By Pete Sweeney and Donny Kwok
SHANGHAI/HONG KONG (Reuters) - Shares in CITIC Securities, China's biggest brokerage, fell on Wednesday after the company said some senior managers are under police investigation as part of a probe by Beijing into possible market manipulation linked to the slump in its stock markets.
Authorities are looking at whether market malpractices contributed to the plunge in Chinese equities, which have fallen around 40 percent since mid-June.
CITIC said late on Tuesday that three company officials, including its general manager, Cheng Boming, are being investigated for alleged insider trading and leaking information.
Cheng is one of the most senior financial executives known to have been embroiled in Beijing's market manipulation probes so far. He forms part of the seven-member executive committee overseeing China's flagship investment bank, which has a dominant position in the country's equity markets.
The brokerage has formed a core part of the so-called "national team", a collection of state-linked banks, brokers and funds called on by Beijing to buy up shares and help stabilise equity markets following the sell-off.
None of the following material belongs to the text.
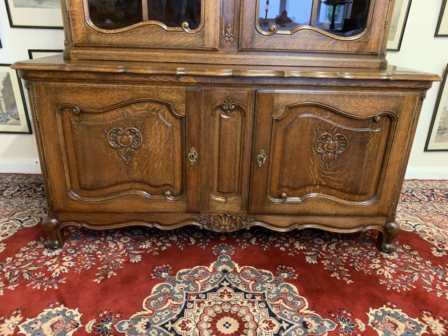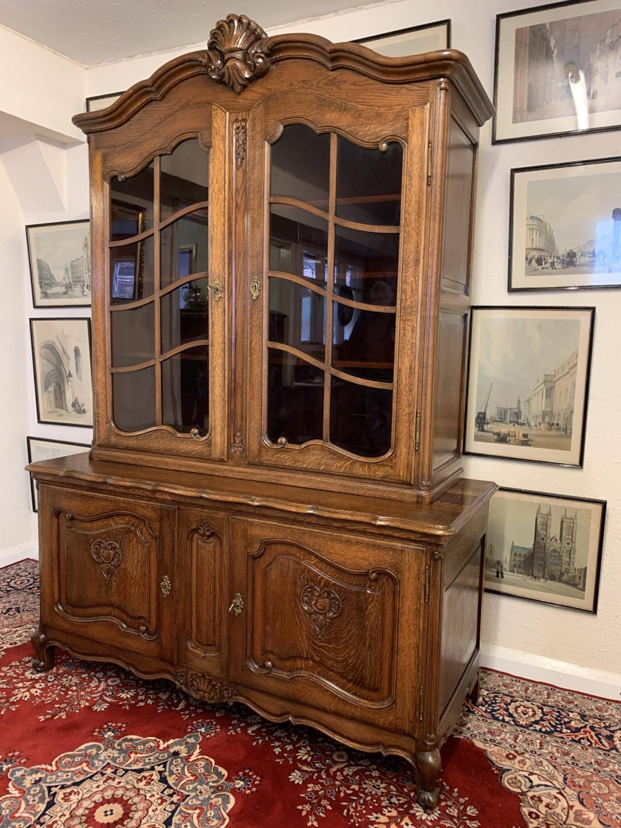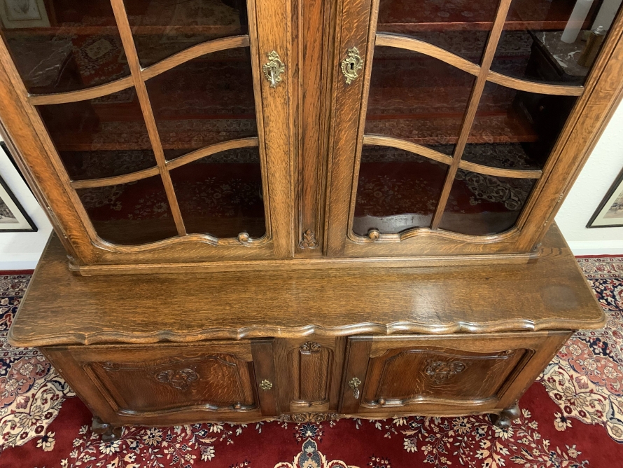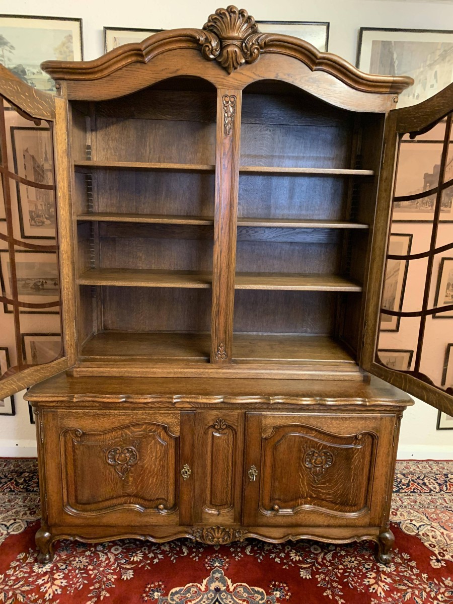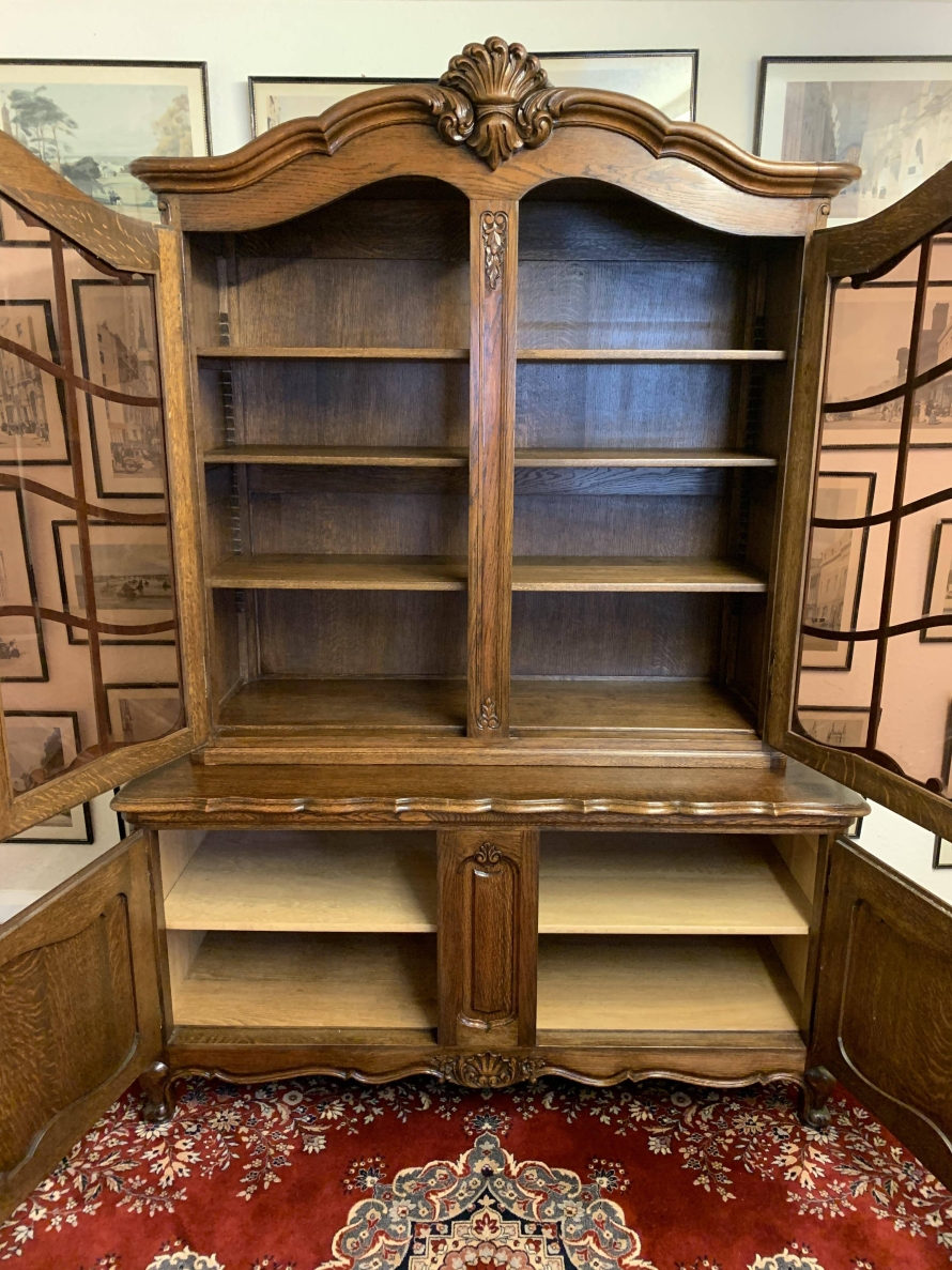 The shaped oversailing top rises to a glorious central carving. Below aretwo lockable glazed doors. Each door has brass hinges and decorative escutcheon. the doors open to reveal three adjustable and remvable shelves. The shaped base has two carved recessed panelled lockable cupboard doors. Each door has brass hinges and decorative escutcheons. The doors open to reveal a removable shelf. Recessed panelled sides, shaped skirt with central carving. This stylish French vitrine stands on two carved cabriole legs to the front.

But it has also already been caught up in the market manipulation probes. State media have previously reported that four senior CITIC executives confessed to insider dealing in August.
Apart from confirming that Cheng and two other officials were being investigated, CITIC has declined to comment.
CITIC has spent the past three years trying to boost its overseas presence and expand into asset management and complex derivatives. In 2012 it paid $1.3 billion for the Asia-focused brokerage CLSA and has also established brokerage units in several overseas markets including the United States.
The brokerage booked a net profit of 11.3 billion yuan ($1.77 billion) in 2014 with revenues of 39.5 billion.
CITIC's Hong Kong-listed shares dropped more than 4 percent in early trading on Wednesday, though they recovered some of those losses to be down 1.4 percent by 0602 GMT. Its Shanghai-listed shares were down 1 percent.
The probe didn't weigh heavily on the broader Chinese stock markets, which steadied after losing 6 percent through Monday and Tuesday.
The benchmark CSI300 index of the biggest listed stocks in Shanghai and Shenzhen was up 0.6 percent while the Shanghai and Shenzhen Composite Index rose 0.7 percent. In Hong Kong, the Hang Seng was up 1.4 percent.
Traded volumes remained light though, with many investors opting to stay on the sidelines given persistent concerns about China's economy and the possibility of an interest rate hike in the United States. ($1=6.3696 yuan)
(Writing by Rachel Armstrong; Editing by Neil Fullick)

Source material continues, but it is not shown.